Pictures excluded, reproduce exactly the lines below from the one with "Eat everything on" through the one with "Слепить между собой", both included.

--- Data ---

::::

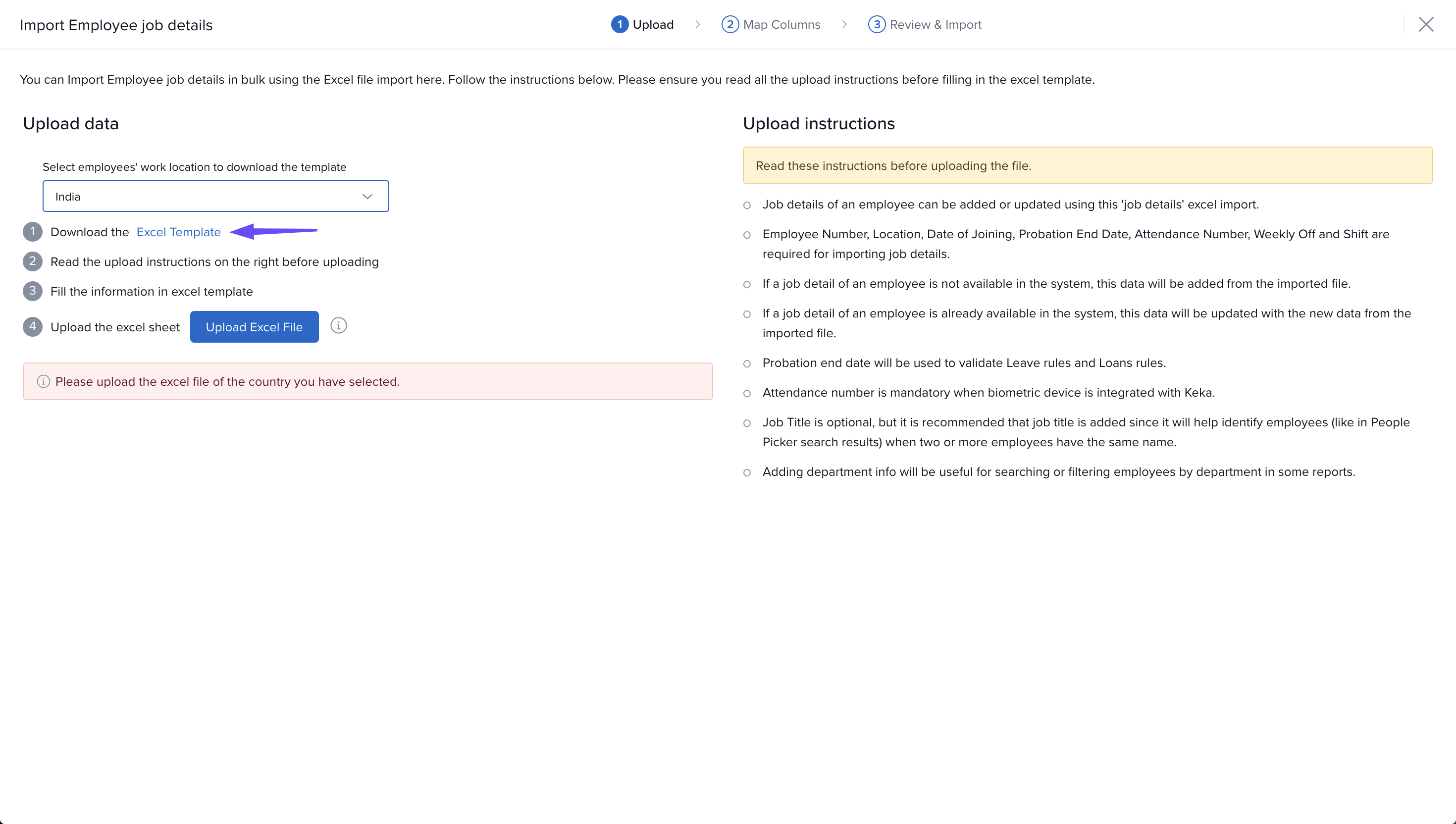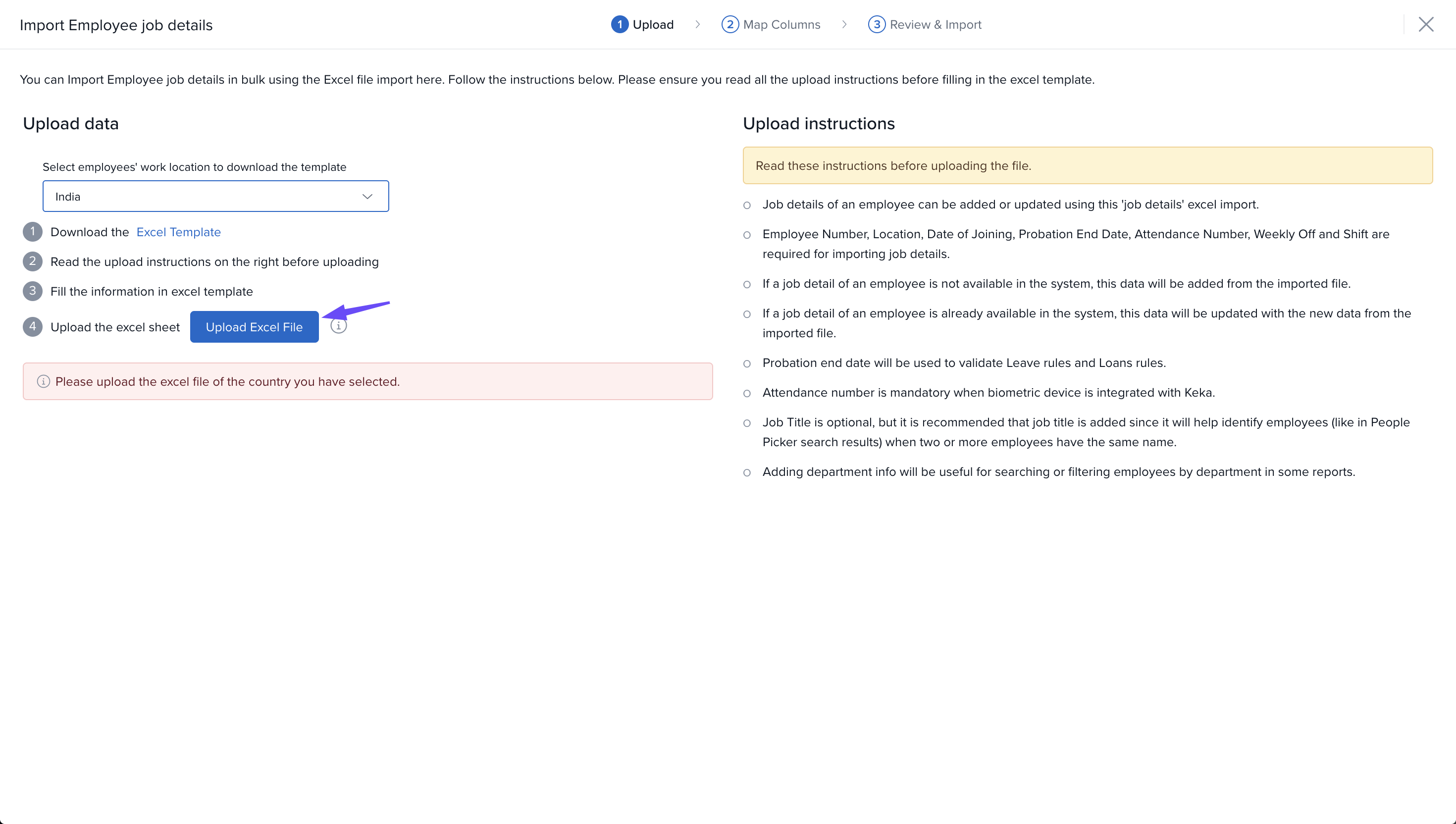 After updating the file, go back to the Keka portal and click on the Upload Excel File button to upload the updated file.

::::

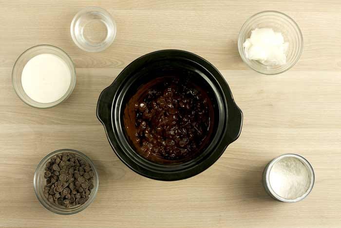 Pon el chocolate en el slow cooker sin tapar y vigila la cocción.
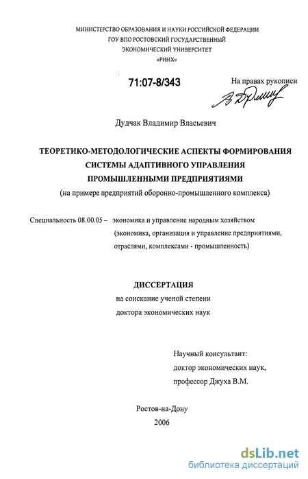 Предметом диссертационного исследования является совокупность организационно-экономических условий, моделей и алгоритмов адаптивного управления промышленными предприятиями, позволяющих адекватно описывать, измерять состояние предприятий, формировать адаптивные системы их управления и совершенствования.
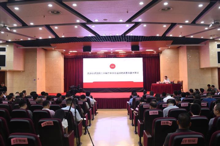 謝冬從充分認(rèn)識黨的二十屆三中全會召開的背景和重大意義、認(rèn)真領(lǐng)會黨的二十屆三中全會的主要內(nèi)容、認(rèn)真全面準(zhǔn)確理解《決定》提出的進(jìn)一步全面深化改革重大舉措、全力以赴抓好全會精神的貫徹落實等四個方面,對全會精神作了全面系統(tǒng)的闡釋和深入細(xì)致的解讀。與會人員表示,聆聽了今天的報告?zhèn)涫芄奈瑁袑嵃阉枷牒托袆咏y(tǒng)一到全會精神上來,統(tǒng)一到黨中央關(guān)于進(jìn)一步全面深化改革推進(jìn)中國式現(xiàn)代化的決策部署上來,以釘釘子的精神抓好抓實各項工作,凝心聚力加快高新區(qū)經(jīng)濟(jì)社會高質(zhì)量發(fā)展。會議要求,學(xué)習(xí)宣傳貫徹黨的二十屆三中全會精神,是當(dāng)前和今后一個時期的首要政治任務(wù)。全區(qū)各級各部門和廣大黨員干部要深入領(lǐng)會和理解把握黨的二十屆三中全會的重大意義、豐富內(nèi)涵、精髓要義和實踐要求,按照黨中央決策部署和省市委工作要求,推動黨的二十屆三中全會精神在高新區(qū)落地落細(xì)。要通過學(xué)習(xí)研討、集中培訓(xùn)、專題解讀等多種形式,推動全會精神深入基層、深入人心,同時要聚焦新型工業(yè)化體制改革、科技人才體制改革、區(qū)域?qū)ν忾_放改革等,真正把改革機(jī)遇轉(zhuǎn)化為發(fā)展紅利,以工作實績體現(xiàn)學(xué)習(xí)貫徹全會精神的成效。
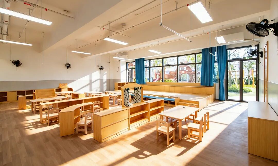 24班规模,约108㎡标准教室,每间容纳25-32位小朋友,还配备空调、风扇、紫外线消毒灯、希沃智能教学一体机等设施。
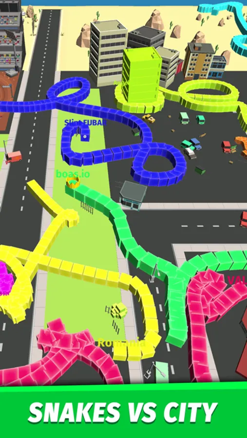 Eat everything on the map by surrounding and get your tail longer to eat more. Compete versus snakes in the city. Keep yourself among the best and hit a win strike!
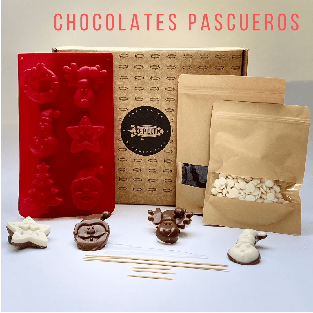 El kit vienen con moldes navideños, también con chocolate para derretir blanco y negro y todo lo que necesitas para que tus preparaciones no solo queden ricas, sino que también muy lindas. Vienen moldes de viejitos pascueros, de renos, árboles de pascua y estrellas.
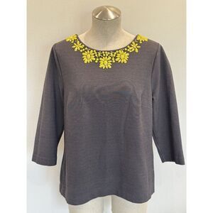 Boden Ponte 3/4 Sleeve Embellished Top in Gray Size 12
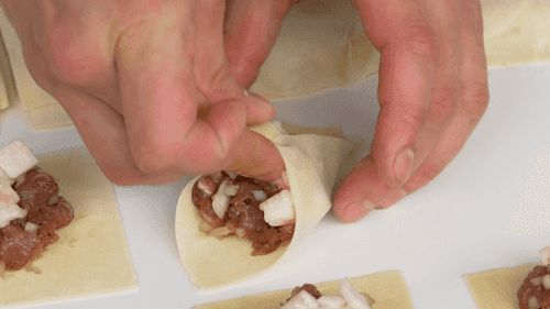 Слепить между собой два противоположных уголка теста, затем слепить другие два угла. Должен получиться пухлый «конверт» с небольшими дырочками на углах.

::::

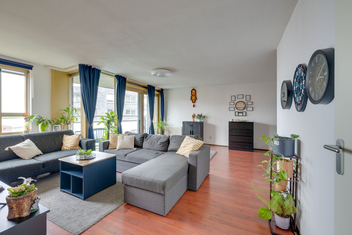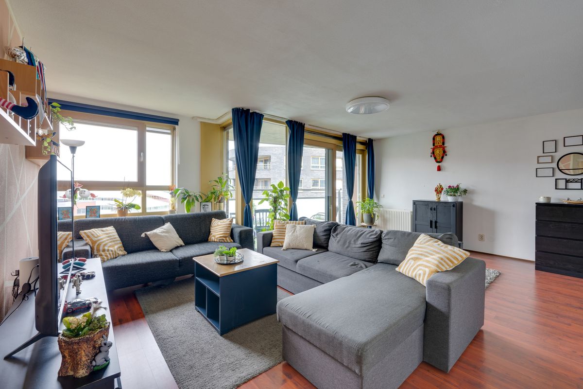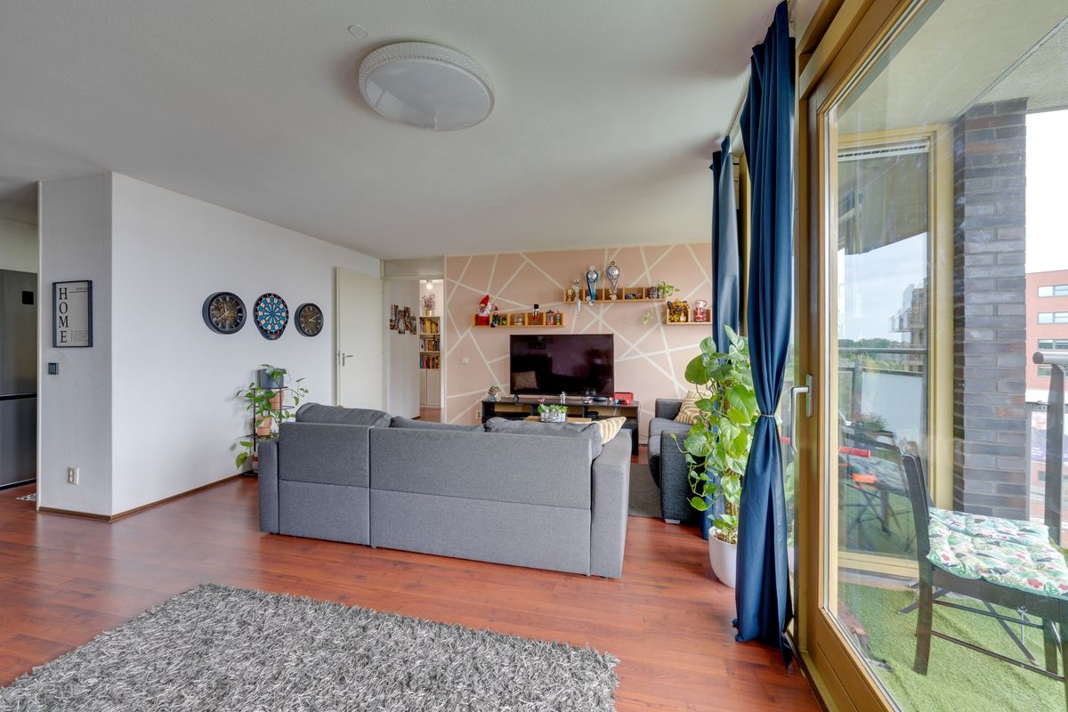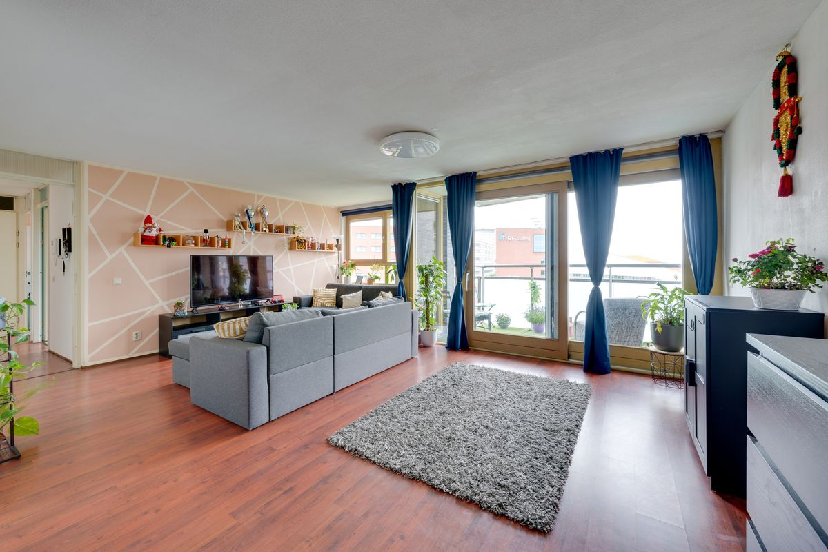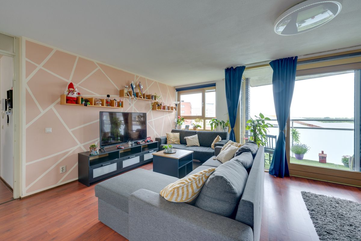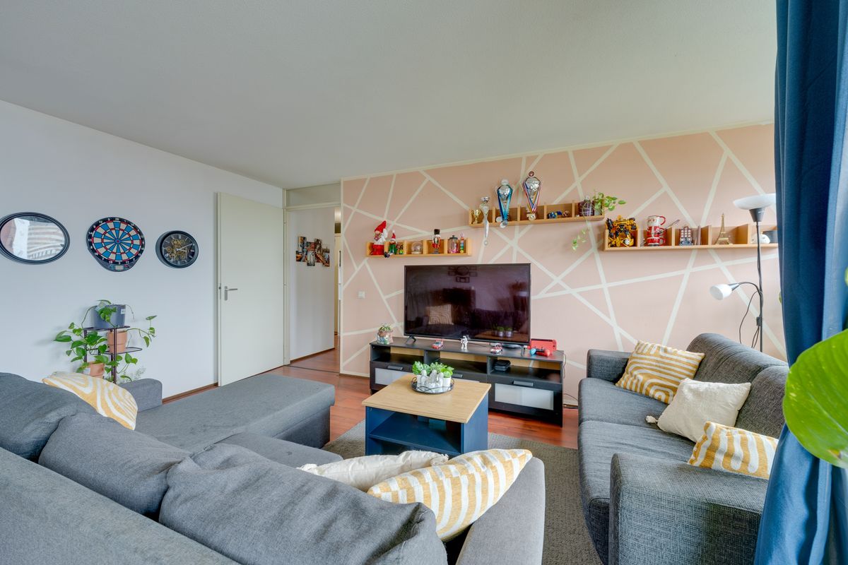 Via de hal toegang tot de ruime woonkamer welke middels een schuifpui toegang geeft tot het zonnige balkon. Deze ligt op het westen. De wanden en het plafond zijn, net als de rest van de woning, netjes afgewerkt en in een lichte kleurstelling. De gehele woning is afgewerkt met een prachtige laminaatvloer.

::::

--- Exercise response ---
 Eat everything on the map by surrounding and get your tail longer to eat more. Compete versus snakes in the city. Keep yourself among the best and hit a win strike!
 El kit vienen con moldes navideños, también con chocolate para derretir blanco y negro y todo lo que necesitas para que tus preparaciones no solo queden ricas, sino que también muy lindas. Vienen moldes de viejitos pascueros, de renos, árboles de pascua y estrellas.
 Boden Ponte 3/4 Sleeve Embellished Top in Gray Size 12
 Слепить между собой два противоположных уголка теста, затем слепить другие два угла. Должен получиться пухлый «конверт» с небольшими дырочками на углах.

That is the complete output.